What the exercise asks
Return, word for word, every entry in the listing below, but not its images.
--- START ---
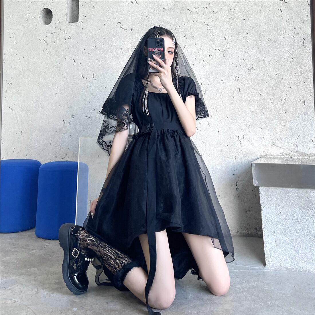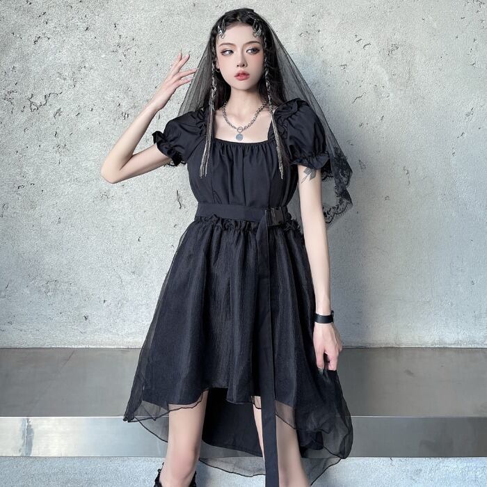 夏服韓国ファッショントレンドダークブラックカラーワンピース 大人ガーリー スウィート キュート カジュアル 夏物 スクウェア スタイル Studios74123965334 | pLegLad Studios
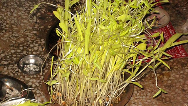 परम्परानुसार पर्व से नौ अथवा दस दिन पूर्व पत्तों से बने दोने या रिंगाल की टोकरियों में हरेला बोया जाता है। जिसमें उपलब्धतानुसार पाँच, सात अथवा नौ प्रकार के धान्य यथा- धान, मक्का, तिल, उड़द, गहत, भट्ट, जौं व सरसों के बीजों को बोया जाता है। देवस्थान में इन टोकरियों को रखने के उपरान्त रोजाना इन्हें जल के छींटों से सींचा जाता है। दो-तीन दिनों में ये बीज अंकुरित होकर हरेले तक सात-आठ इंच लम्बे तृण का आकार पा लेते हैं।
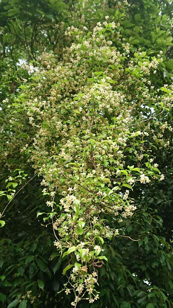 満開のテイカカズラの花が滝のようです。🤗🎵
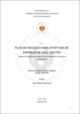 Champín Aguayo, A. E. (2018). Plan de negocio para apertura de empresa de Call Center (Trabajo de investigación para optar el Título Profesional de Licenciado en Administración). Universidad de Lima. https://hdl.handle.net/20.500.12724/6036Editor
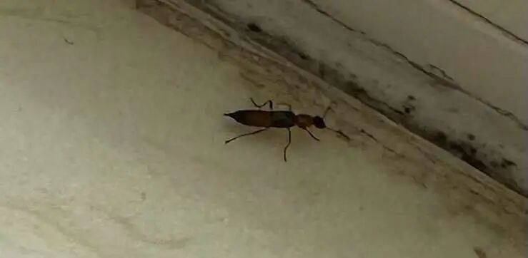 马笠卧室窗台上的隐翅虫。身体细长,黑红相间。(受访者供图)
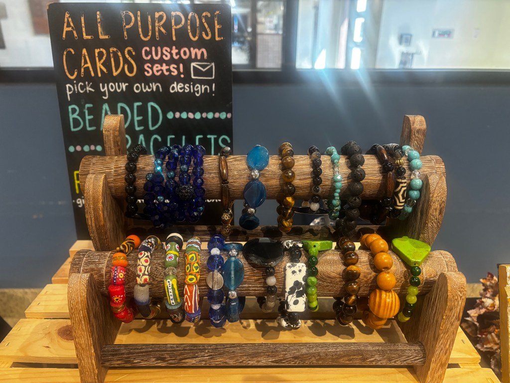 Joyce Porter’s beaded bracelets made from jade, tiger’s eye, and other stones — all for sale. Riley Rains/The USD Vista
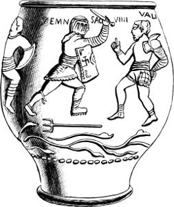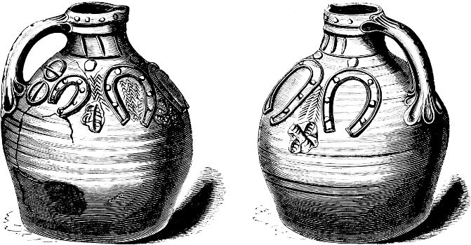 [125] On the quart jugs the figure appeared on one side, and the verse on the other.
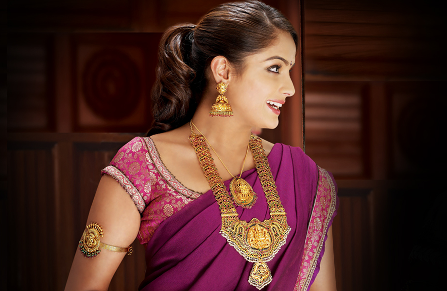 Model displaying temple jewellery, short chain with pendant, heavy gold long chain, vanki and heavy jhumkas.
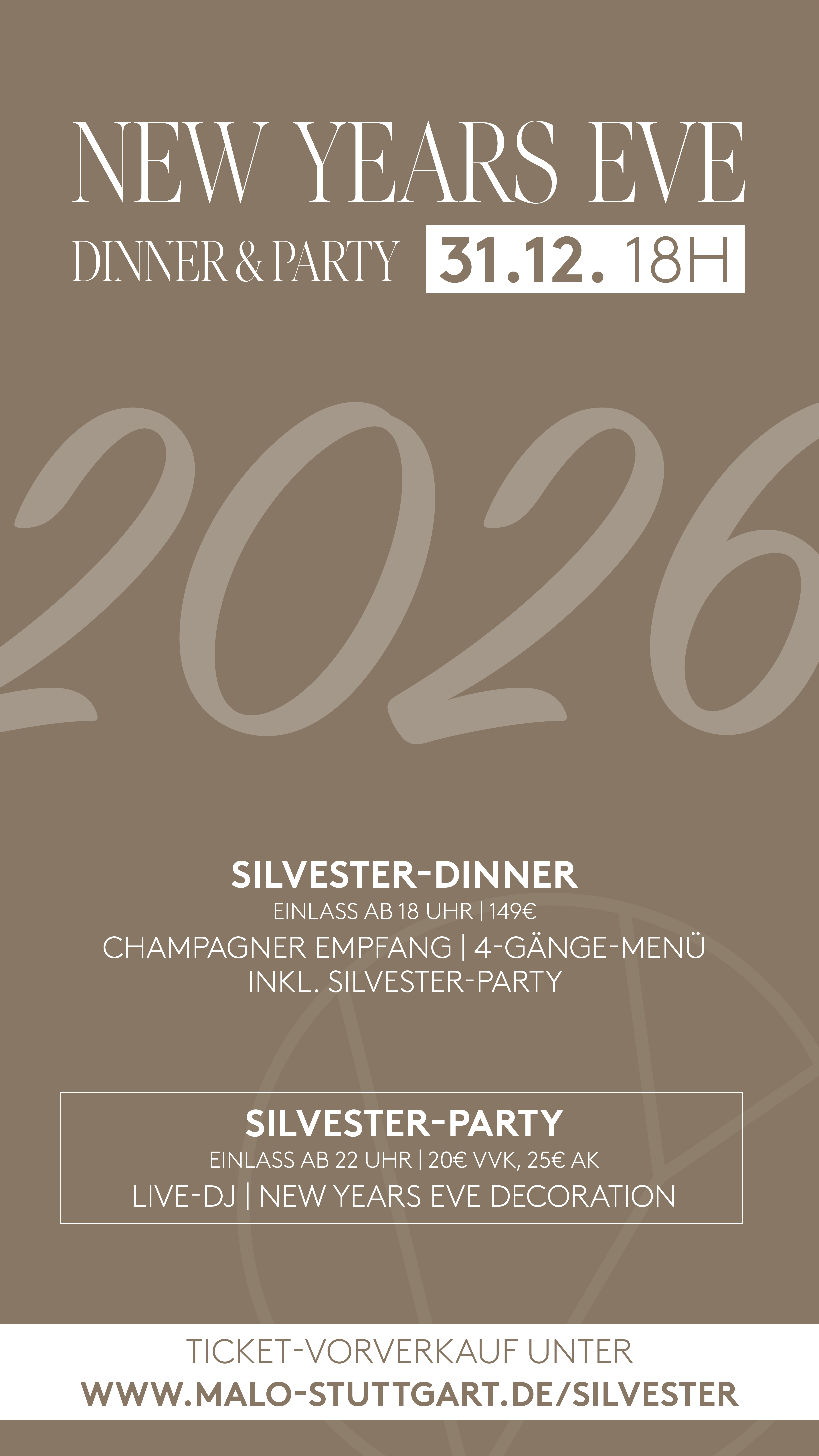 MALO – das neue Urban City Retreat im Herzen von Stuttgart. Inmitten des Großstadt Chaos bieten wir unseren Gästen eine Oase zum Relaxen, Wohlfühlen und Abschalten. Umgeben von einem Meer aus echten Pflanzen können Sie hier dem Alltag entfliehen und sich von regionalen Gerichten, einzigartigen Weinen und einem atemberaubenden Ambiente rundum verwöhnen lassen. Von Daily Sunrise, über Midday Vibes bis hin zur abendlichen Golden Hour vereint das MALO Jung und Alt unter einem Dach.
--- END ---
Worked solution
 夏服韓国ファッショントレンドダークブラックカラーワンピース 大人ガーリー スウィート キュート カジュアル 夏物 スクウェア スタイル Studios74123965334 | pLegLad Studios
 परम्परानुसार पर्व से नौ अथवा दस दिन पूर्व पत्तों से बने दोने या रिंगाल की टोकरियों में हरेला बोया जाता है। जिसमें उपलब्धतानुसार पाँच, सात अथवा नौ प्रकार के धान्य यथा- धान, मक्का, तिल, उड़द, गहत, भट्ट, जौं व सरसों के बीजों को बोया जाता है। देवस्थान में इन टोकरियों को रखने के उपरान्त रोजाना इन्हें जल के छींटों से सींचा जाता है। दो-तीन दिनों में ये बीज अंकुरित होकर हरेले तक सात-आठ इंच लम्बे तृण का आकार पा लेते हैं।
 満開のテイカカズラの花が滝のようです。🤗🎵
 Champín Aguayo, A. E. (2018). Plan de negocio para apertura de empresa de Call Center (Trabajo de investigación para optar el Título Profesional de Licenciado en Administración). Universidad de Lima. https://hdl.handle.net/20.500.12724/6036Editor
 马笠卧室窗台上的隐翅虫。身体细长,黑红相间。(受访者供图)
 Joyce Porter’s beaded bracelets made from jade, tiger’s eye, and other stones — all for sale. Riley Rains/The USD Vista
 [125] On the quart jugs the figure appeared on one side, and the verse on the other.
 Model displaying temple jewellery, short chain with pendant, heavy gold long chain, vanki and heavy jhumkas.
 MALO – das neue Urban City Retreat im Herzen von Stuttgart. Inmitten des Großstadt Chaos bieten wir unseren Gästen eine Oase zum Relaxen, Wohlfühlen und Abschalten. Umgeben von einem Meer aus echten Pflanzen können Sie hier dem Alltag entfliehen und sich von regionalen Gerichten, einzigartigen Weinen und einem atemberaubenden Ambiente rundum verwöhnen lassen. Von Daily Sunrise, über Midday Vibes bis hin zur abendlichen Golden Hour vereint das MALO Jung und Alt unter einem Dach.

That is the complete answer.